Polish, ergonomics, and ecosystem.

- [ ] **No structured logging**
  - Scattered `print(...)` everywhere. No timestamps, no level filtering. Use stdlib `logging`; expose `--verbose` to drop to DEBUG.

- [ ] **No pre-built image on `ghcr.io/deepghs/gpu-cosplay`**
  - First `gpu-cosplay up` builds locally for ~8 min. CI already builds the image; add a push step + GHCR login + tag with git SHA and `:latest`.

- [ ] **No multi-GPU cosplay**
  - Many research questions need a 3090×2-style setup. Single-process multi-device is feasible via multiple MIG slices in the same container (NCCL P2P won't work — that's a known limit).
  - Surface: `gpu-cosplay up 3090 --num 2`; container sees `CUDA_VISIBLE_DEVICES=uuid1,uuid2`; runtime hook applies memory_fraction per device.

- [ ] **No `gpu-cosplay benchmark`**
  - `verify` checks identity disguise. We also need a command that runs a standard FP32/BF16/bandwidth microbench, compares to the target's datasheet, and prints the delta table. Quantifies "this cosplay is 33% slow on BF16 vs real 3090".
  - Most of the code exists in `examples/bench.py`; just needs a CLI wrapper.

- [ ] **Missing CONTRIBUTING.md and SECURITY.md**
  - AGENTS.md serves AI agents but human contributors who fork the repo don't find the conventions.

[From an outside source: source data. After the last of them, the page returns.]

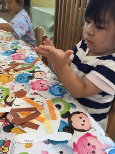 自分で指に糊を取り、丁寧に時間をかけて塗っている子や同じところに何枚も重ねて塗ってみたり、ハリネズミの頭に貼り、「カミノケ~!」と自分でアレンジして見みたり、個性豊かなハリネズミさんが完成出来ました~~!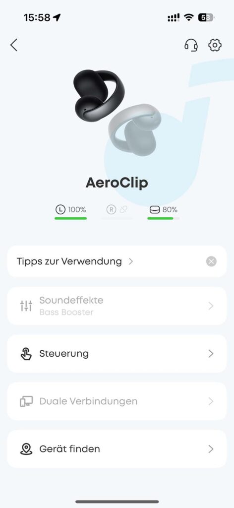 Kommen wir zum Praxistest und damit meinem ersten Eindruck der Soundcore AeroClip: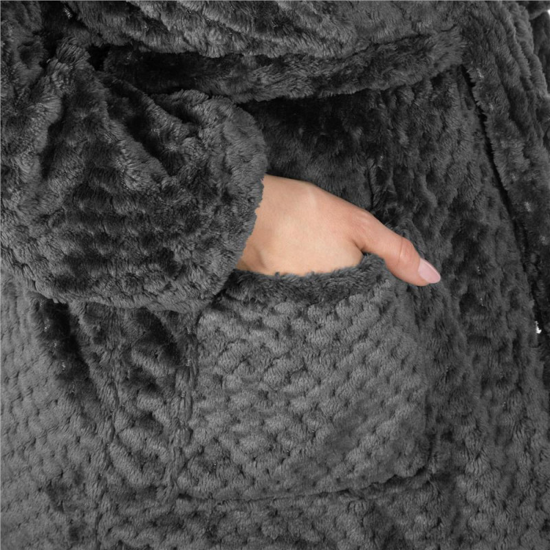 Ridicarea dispozitiei – purtarea halatului nostru de baie va poate ajuta sa va imbunatatiti starea de spirit, oferind un sentiment de placere. Halatul nostru de baie nu numai ca va va fermeca prin aspectul sau placut, dar va va oferi si o functionalitate nepretuita. Cu o gluga care adauga o nota eleganta si buzunare frontale practice, veti avea intotdeauna loc pentru telefon, telecomanda sau obiecte mici.. In plus, este prevazut cu o curea practica in talie, permitand o potrivire perfecta.Halatul de baie va deveni partea preferata a ritualului tau zilnic de relaxare. Asortati-l cu ceaiul sau cartea preferata si simtiti cum fiecare zi devine putin mai speciala.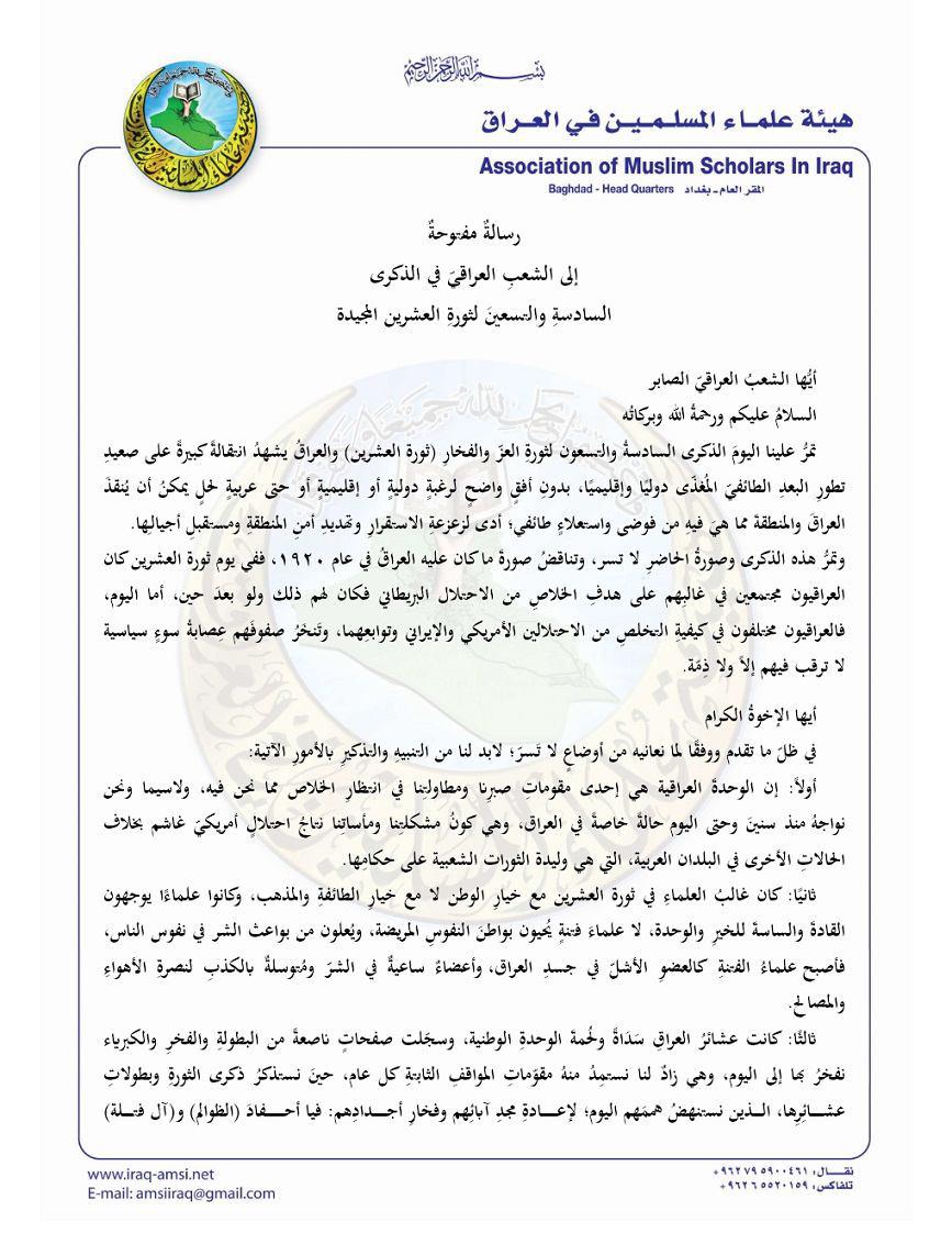 رسالةٌ مفتوحةٌ إلى الشعبِ العراقيّ في الذكرى السادسةِ والتسعينَ لثورةِ العشرين المجيدة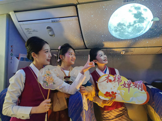 当航班穿越云层,一轮明月高悬天际,客舱内光影流转,顶部动态投影生动再现“举杯邀明月”“千里共婵娟”的经典诗意场景。这一刻,古人曾仰望的同一轮明月,依旧照耀着当代人的旅途;从长安古城的灯火到阿拉木图的晨光,南航用一次飞行,连接起千年文明的历史回响。这场主题活动并非简单的节日庆祝,更是南航践行“让更多人乐享美好飞行”企业使命的深情表达。南航西安分公司相关负责人表示:“我们始终相信,飞行的意义不仅在于抵达目的地,更在于旅途中那些被文化点亮的温暖瞬间。”
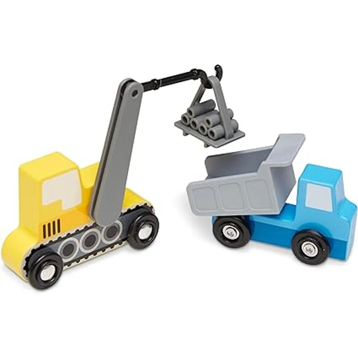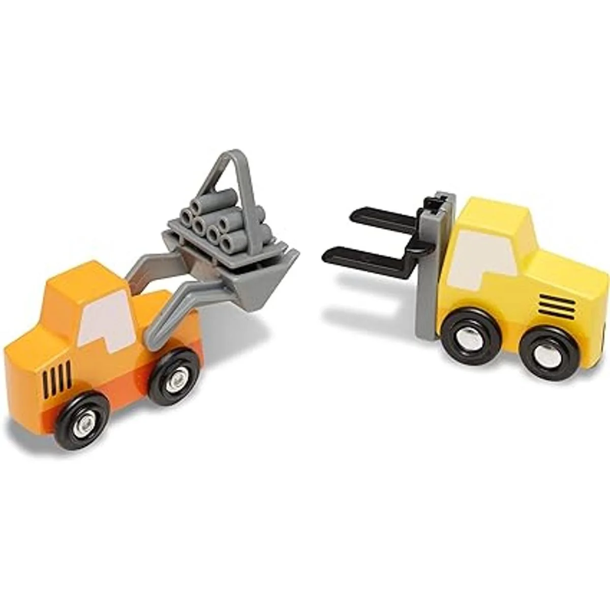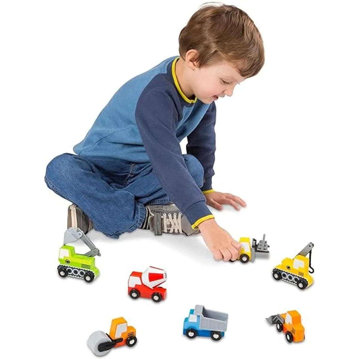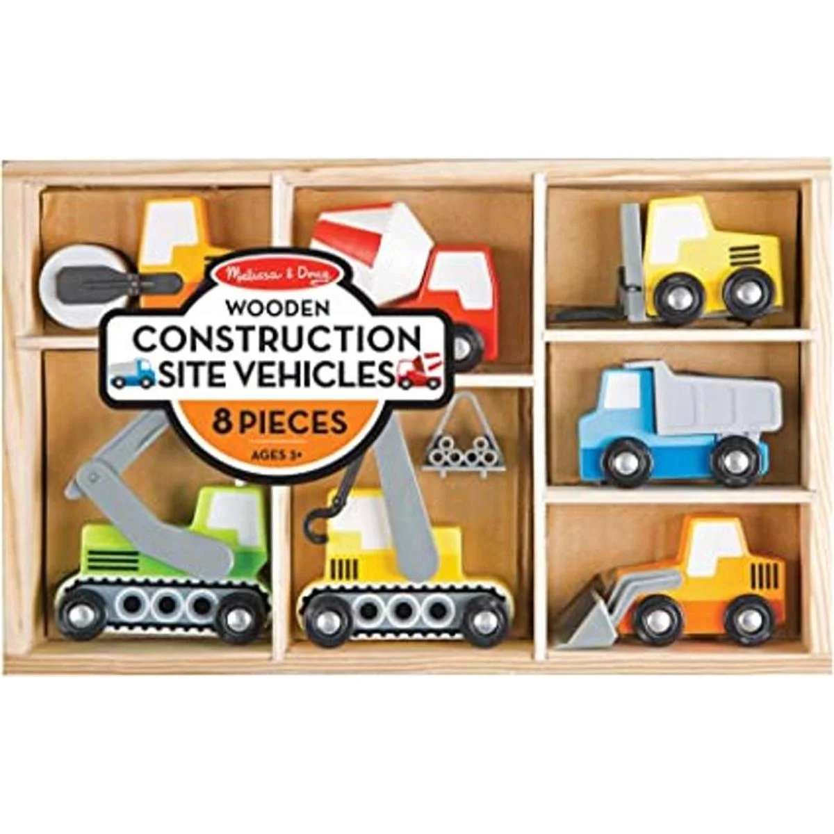 Melissa Doug de madera de construcción sitio Vehículos con bandeja de almacenamiento de madera 8 Pcs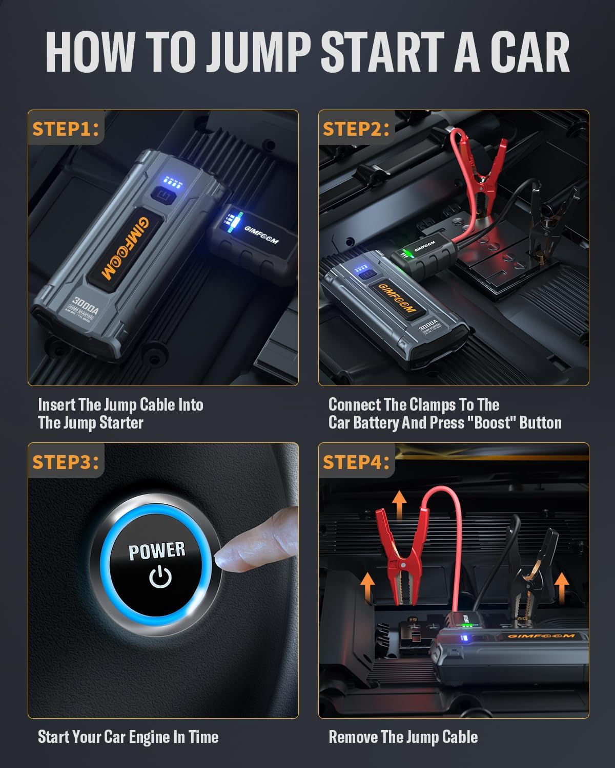 - 【POWERFUL CAR JUMP STARTER】The car battery jump starter is equipped with 3000A peak current to quickly start low voltage or completely drained car batteries. The jump starter has a 3 times enhanced current compared to the old 2nd generation and can start up to 9.0L gas and 7.5L diesel engines. Suitable for 12V cars, trucks, motorcycles, boats, RV's or lawnmowers, etc.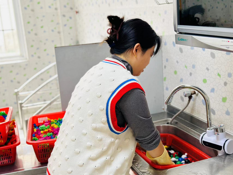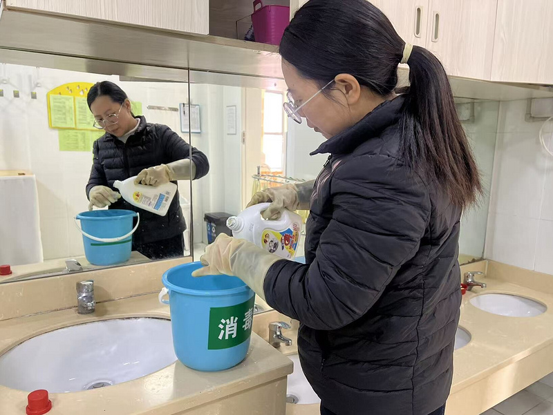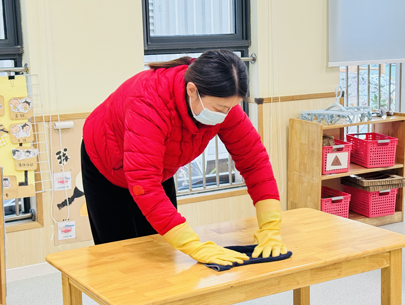 餐前消毒确保幼儿饮食安全,保育老师们严格按照“清-消-清”的规范流程进行消毒。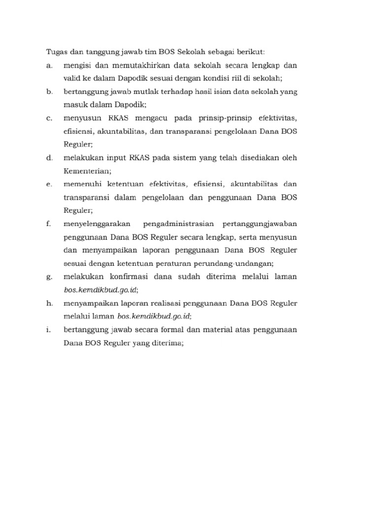 Tata Cara Pengelolaan dan Pelaporan Dana BOS Reguler oleh ... menyelenggarakan pengadministrasian pertanggungjawaban penggunaan Dana BOS Reguler secara lengkap, serta menyusun dan menyampaikan laporan penggunaan Dana BOS Reguler sesuai dengan ketentuan peraturan perundang-undangan; melakukan konfirmasi dana sudah diterima melalui laman bos.kemdikbud.go.id;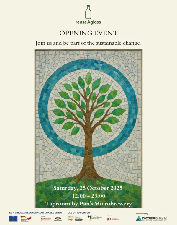 Çfarë ju pret: Prezantimi i nismës “reuseAglass” Ekspozitë dhe degustim në mjedis të qëndrueshëm Punëtori krijuese për ri-përdorimin e qelqit Muzikë, performanca dhe shumë surpriza të tjera!
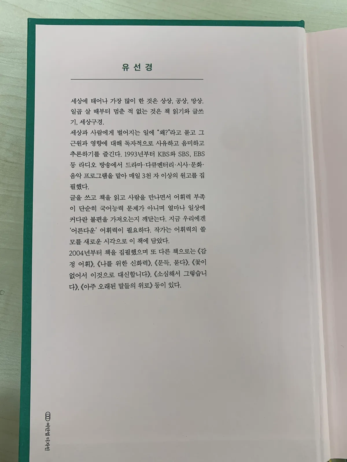 '어른의 어휘력'은 26년 동안 라디오 방송 작가로 일한 저자의 풍부한 어휘력이 담겨있는 책이다.

Extract the "how to add a new card / a new host family / a new verify check" sections from AGENTS.md into CONTRIBUTING.md.

- [ ] **`examples/` only contains `bench.py`**
  - Add at least:
    - [ ] `examples/sd_inference.py` — Stable Diffusion inference (3090 vs 4090 cosplay comparison)
    - [ ] `examples/llm_oom.py` — load a 13B model and assert OOM behavior matches target VRAM
    - [ ] `examples/lora_train.py` — LoRA training on a consumer-card cosplay

- [ ] **"Hide MIG" mode incomplete**
  - `torch.cuda.get_device_properties(0).multi_processor_count` still returns the MIG slice's real SM count (32 for `2g.35gb`) instead of the target's (e.g. 82 for RTX 3090). NSight and other profilers read this.
  - Fix: extend `_CosplayDeviceProperties` proxy to lie about `multi_processor_count`, `major`/`minor`, etc.

- [ ] **No GPU spec auto-fetch**
  - When a new GPU launches, someone manually scrapes the whitepaper into `gpus.yaml`. Could implement `gpu-cosplay scrape rtx_5090 --from epoch-ai` to automate.

## 🟦 Architecture thoughts (not bugs, but worth discussing)

- [ ] **Cosplay is a single-host concept. Cluster-scale deployment isn't designed.**
  - Picture an 8-GPU H200 node with 56 × 1g.18gb slices serving 20 team members. Current CLI is single-user; no reservations / quotas / queues / GC.
  - Natural evolution: SLURM integration, K8s operator, central scheduler, web dashboard, 24h idle-session GC.
  - Not the repo's core mission, but a likely next layer.

- [ ] **Fidelity loss is undocumented quantitatively**
  - README has prose like "BF16 TC will be too strong". No numbers.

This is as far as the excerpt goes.